The Anxiety Disorders Interview Schedule-IV: Child version (ADISC; Silverman & Albano, 1996) and the Panic Attack Questionnaire (PAQ; Norton, Dorward, & Cox, 1986) were used to assess exclusionary criteria. The negative affect subscale of the Positive and Negative Affect Schedule for Children (PANAS; Joiner, Catanzaro, & Laurent, 1996) examined the effectiveness of random assignment to conditions. A manipulation check survey was used to ask youth about the topics (i.e., healthy foods, AS, bodily sensations, sleep, and/or none of the above) “talked about” in the presentation and related exercise.
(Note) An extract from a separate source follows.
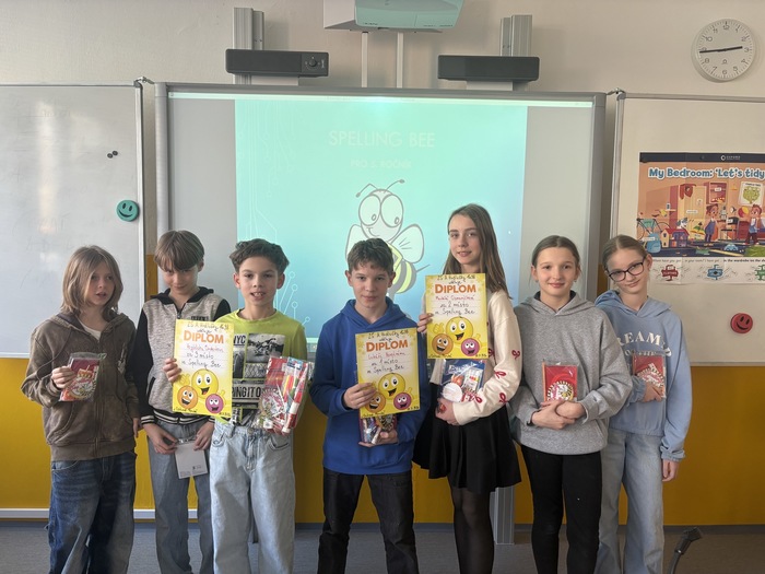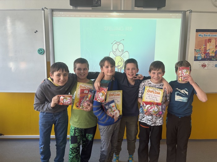 Ve středu 11. března 2026 proběhl již sedmý ročník anglické soutěže pro žáky čtvrtých a pátých tříd ve spelování, nebo-li hláskování anglických slov. Za čtvrtý ročník soutěžili žáci IV. B Matyáš D., Daniel G., Hubert M., Nikita M., Antonín S. a Filip Š. V pátém ročníku přišli soutěžit za třídu V. A žáci Sofie K., Karolína M., Vojtěch O., Markéta O., třídu V. B reprezentovali Tomáš N., Lukáš N. a Oliver P.

Primary outcome variables.

The 18-item Childhood Anxiety Sensitivity Index (CASI; Silverman et al., 1991) was used to index global fear regarding the consequences of anxiety-related sensations. The 47-item Revised Child Anxiety and Depressive Scales (RCADS; Chorpita, Yim, Moffitt, Umemoto, & Francis, 2000) was administered to assess how often youth experienced anxiety and depressive symptoms. Both the RCADS total score, anxiety symptom subscale, and depression symptom subscales were employed in analyses.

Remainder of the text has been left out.